== Items from a data source ==

§ §

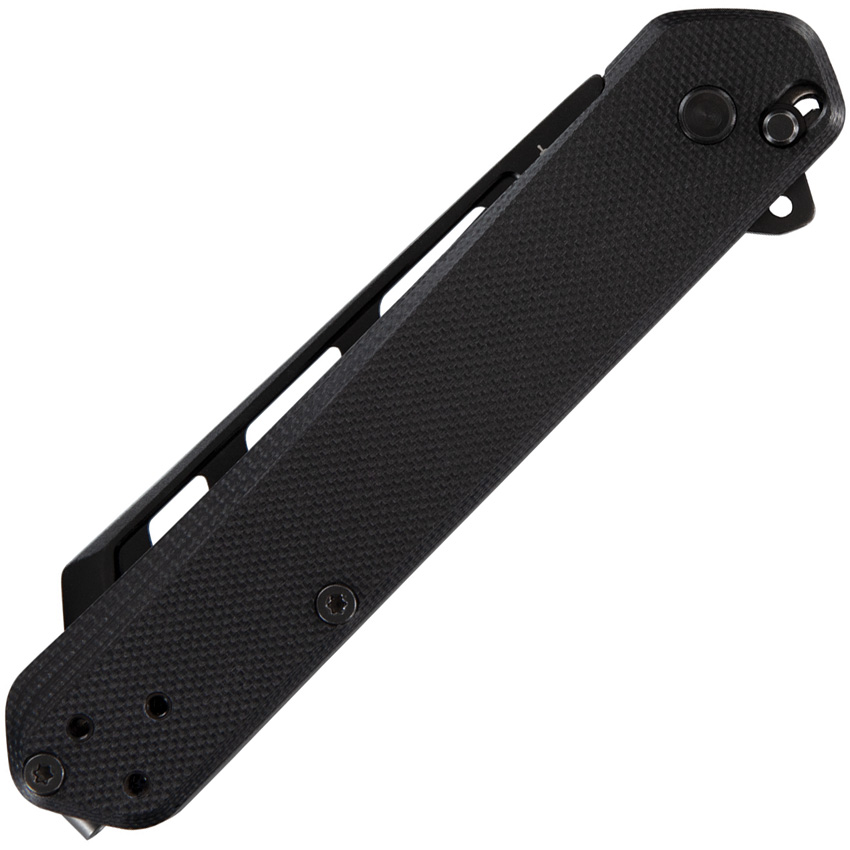 Assisted opening. 4″ (10.16cm) closed. 3″ (7.62cm) black finish D2 tool steel reverse tanto blade. Black G10 handle. Extended tang. Pocket clip. Safety switch. PVD coated barrel spacers. Boxed.
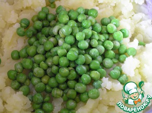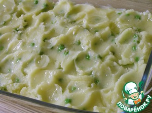 Сверху выложить картофель с горошком, сбрызнуть маслом.
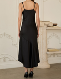 Turn heads in the Noir Lace Asymmetrical Maxi Dress, featuring delicate black lace trim and flirty spaghetti straps. Its unique asymmetrical hem adds a playful twist to classic elegance, perfect for dancing the night away or making a stunning entrance at any event. Effortlessly chic and comfortable, this maxi dress is your go-to for a bold, stylish statement.
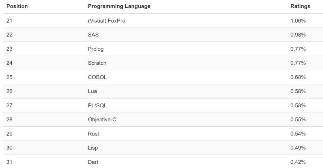 根据 11 月份最新发布的 TIOBE 编程语言排行榜数据,Rust 的占比仅为 0.54%,排名第 29 位。虽然相比今年年初,这个占比数据和排名已经略有提升,但距离排在第 18 位的 Go 语言(相比去年 11 月下降五位,占比 1.21%),还有不小的差距。
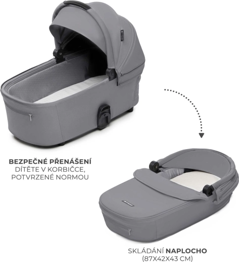Mäkký matrac, praktická rukoväť na prenášanie a veľkorysé vnútorné rozmery zaisťujú pohodlie bábätka do 9 kg. Ideálne pre pokojný spánok na cestách.

§ §

From the line with "根据 11 月份最新发布的" down to the final line of the entries above, repeat each line exactly; omit the pictures.

 根据 11 月份最新发布的 TIOBE 编程语言排行榜数据,Rust 的占比仅为 0.54%,排名第 29 位。虽然相比今年年初,这个占比数据和排名已经略有提升,但距离排在第 18 位的 Go 语言(相比去年 11 月下降五位,占比 1.21%),还有不小的差距。
Mäkký matrac, praktická rukoväť na prenášanie a veľkorysé vnútorné rozmery zaisťujú pohodlie bábätka do 9 kg. Ideálne pre pokojný spánok na cestách.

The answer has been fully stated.